C. The antibodies are used to identify the mucins produced in a specified region of the Gl tract. All analyses are based on the separation of mucin-containing preparations on very low percentage SDS-PAGE (4% running gel, or 3%-10% gradient running gel). Mature mucins are identified in homogenates of biopsies from this specified region by Western blotting.

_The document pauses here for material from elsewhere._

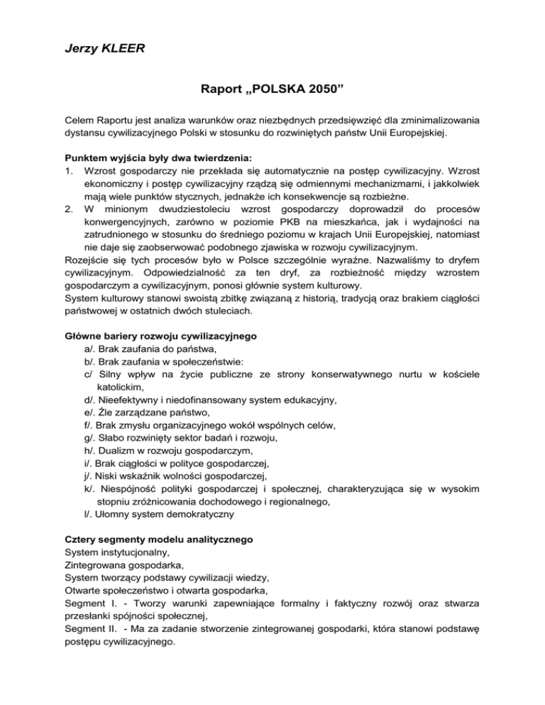 Jerzy KLEER Raport „POLSKA 2050” Celem Raportu jest analiza warunków oraz niezbędnych przedsięwzięć dla zminimalizowania dystansu cywilizacyjnego Polski w stosunku do rozwiniętych państw Unii Europejskiej. Punktem wyjścia były dwa twierdzenia: 1. Wzrost gospodarczy nie przekłada się automatycznie na postęp cywilizacyjny. Wzrost ekonomiczny i postęp cywilizacyjny rządzą się odmiennymi mechanizmami, i jakkolwiek mają wiele punktów stycznych, jednakże ich konsekwencje są rozbieżne. 2. W minionym dwudziestoleciu wzrost gospodarczy doprowadził do procesów konwergencyjnych, zarówno w poziomie PKB na mieszkańca, jak i wydajności na zatrudnionego w stosunku do średniego poziomu w krajach Unii Europejskiej, natomiast nie daje się zaobserwować podobnego zjawiska w rozwoju cywilizacyjnym. Rozejście się tych procesów było w Polsce szczególnie wyraźne. Nazwaliśmy to dryfem cywilizacyjnym. Odpowiedzialność za ten dryf, za rozbieżność między wzrostem gospodarczym a cywilizacyjnym, ponosi głównie system kulturowy. System kulturowy stanowi swoistą zbitkę związaną z historią, tradycją oraz brakiem ciągłości państwowej w ostatnich dwóch stuleciach. Główne bariery rozwoju cywilizacyjnego a/. Brak zaufania do państwa, b/. Brak zaufania w społeczeństwie: c/ Silny wpływ na życie publiczne ze strony konserwatywnego nurtu w kościele katolickim, d/. Nieefektywny i niedofinansowany system edukacyjny, e/. Źle zarządzane państwo, f/. Brak zmysłu organizacyjnego wokół wspólnych celów, g/. Słabo rozwinięty sektor badań i rozwoju, h/. Dualizm w rozwoju gospodarczym, i/. Brak ciągłości w polityce gospodarczej, j/. Niski wskaźnik wolności gospodarczej, k/. Niespójność polityki gospodarczej i społecznej, charakteryzująca się w wysokim stopniu zróżnicowania dochodowego i regionalnego, l/. Ułomny system demokratyczny Cztery segmenty modelu analitycznego System instytucjonalny, Zintegrowana gospodarka, System tworzący podstawy cywilizacji wiedzy, Otwarte społeczeństwo i otwarta gospodarka, Segment I. - Tworzy warunki zapewniające formalny i faktyczny rozwój oraz stwarza przesłanki spójności społecznej, Segment II. - Ma za zadanie stworzenie zintegrowanej gospodarki, która stanowi podstawę postępu cywilizacyjnego. Segment III. - Obejmuje główne ścieżki mające zapewnić minimalizowanie dystansu cywilizacyjnego, przez stworzenie podstaw cywilizacji wiedzy. Segment IV. - Ma odpowiedzieć na pytanie, jakie ma być społeczeństwo polskie około drugiej połowy XXI wieku. Trzy podstawowe kanony tworzące społeczeństwo oparte na nowoczesnej cywilizacji związanej z cywilizacją europejską czy szerzej euro-atlantycką to: Instytucje Edukacja w szerokim tego słowa rozumieniu System kulturowy INSTYTUCJE Powinny być w miarę stabilne, dostatecznie przejrzyste, wewnętrznie spójne, i przyjazne z punktu widzenia całego społeczeństwa. Dobre funkcjonowanie będzie miało miejsce wówczas, kiedy będą zarządzane przez kwalifikowany aparat administracyjny, na poziomie centralnym i lokalnym, w dużym stopniu niezależny od partii będących aktualnie u władzy. Dobre instytucje i sprawna, przyjazna administracja rodzą zaufanie do państwa, Poszanowanie prawa przez społeczeństwo jest jednym z kluczowych warunków postępu cywilizacyjnego. Zaufanie państwa do społeczeństwa jest efektem zaufania społeczeństwa do państwa i poszanowania prawa. Realizacja tych warunków stworzy dobry klimat dla legitymizowania zmian i reform, jakim będzie podlegać państwo i społeczeństwo w przyszłości EDUKACJA 1. Dobry, nowoczesny, powszechny system edukacyjny. Stworzenie takiego systemu wymaga czasu, środków, a także długofalowej wizji, uwzględniającej zmiany, jakim poddane będzie społeczeństwo i gospodarka. Nowoczesny system edukacyjny polega również na wyławianiu elit, których funkcją jest sterowanie nowoczesnym państwem i jego podmiotami. 2. . Sprawnie funkcjonujący i dobrze finansowany system badań i rozwoju. Nie chodzi tu tylko o zastosowanie wyników badań w gospodarce, czy innowacyjność rynkową tego systemu. Równie ważne, nawet decydujące, jest znaczenie kulturotwórcze tego systemu; SYSTEM KULTUROWY Stworzenie w ramach społeczeństwa konsensusu w zakresie dóbr i celów wspólnych (ogólnych), wykraczających poza interesy poszczególnych grup społecznych, politycznych i zawodowych. Akceptacja wspólnych, długookresowych celów czy zadań wymagająca zdolności wspólnego (grupowego) działania społecznego. Kreatywność grupowa musi zostać wzbogacona kreatywnością indywidualną. Zdolność do kompromisów Tolerancja ideologiczno-obyczajowa jako warunek funkcjonowania społeczeństwa w globalizującym się świecie, w którym ma miejsce przepływ towarów, usług, kapitału a także idei, oraz ludzi z różnych kręgów kulturowych. Scenariusze rozwoju Scenariusz realistyczny Scenariusz pozytywny Scenariusz zagrożeń Scenariusz realistyczny Oparty jest na założeniu, że świat toczy się bez istotnych zmian. W Polsce nadal dominuje polityka priorytetu dla wzrostu gospodarczego. Trwa w latach 2011-2020 walka głównych partii politycznych. W okresie późniejszym, pod wpływem wyborców, polityka może ulec zmianie. W scenariuszu tym analizowane są pojawiające się bariery, zarówno o charakterze ekonomiczno-społecznym dotyczące różnych aspektów rynku pracy, specyfiki systemu kulturowego w warunkach rewolucji informacyjnej itp. W scenariuszu tym pojawia się dosyć zasadnicze twierdzenie, ze bez istotnych zmian, głównie o charakterze instytucjonalnym i kulturowym, Polska pozostanie krajem drugiej kategorii i nie będzie jej stać na przezwyciężenie kompleksu peryferii. Scenariusz pozytywny Przyjmuje podobne przesłanki dotyczące uwarunkowań zewnętrznych, natomiast w stosunku do uwarunkowań wewnętrznych przyjmujemy założenia optymistyczne. Klasa polityczna w Polsce dokona z

Mucin precursors are identified by immunoprecipitation from homogenates of biopsies, that were metabolically labeled for a short period of time ("pulse-labeling", 0-45 min) with radioactive amino acids to label the mucin polypeptide. Since the mucin precursors are N-glycosylated, the precursor status of these molecules can be checked by the presence of "high mannose" N-glycans. The precursor-product relationship between the putative precursor and the mature mucin is established in metabolic pulse-chase experiments, which demonstrate the conversion over time ("chase-incubation", taking about 4-6 h) of the precursor into the mature mucin, and the eventual secretion of the mature mucin. Identification of the mucins expressed in a particular part of the Gl tract enables the quantification of these mucins. The total amount of mucin in biopsy tissue and mature mucin secreted into the milieu can be quantified using Western blot-type of assays. The amount of precursor synthesis can be measured by the amount of radioactive amino acids incorporated into the polypeptide within a specified time period. The dynamics of formation and secretion of the mature mucin are determined in metabolic pulse-chase analysis.
To identify the roles of mucins in pathogenesis, we are now able to measure the effects on mucin synthesis and secretion in biopsies obtained from pathologic tissues or from tissues under experimentally modified conditions. The antisera allow us to detect changes in mucin gene expression under these conditions (which mucins), and to quantify these mucins (how much of each mucin).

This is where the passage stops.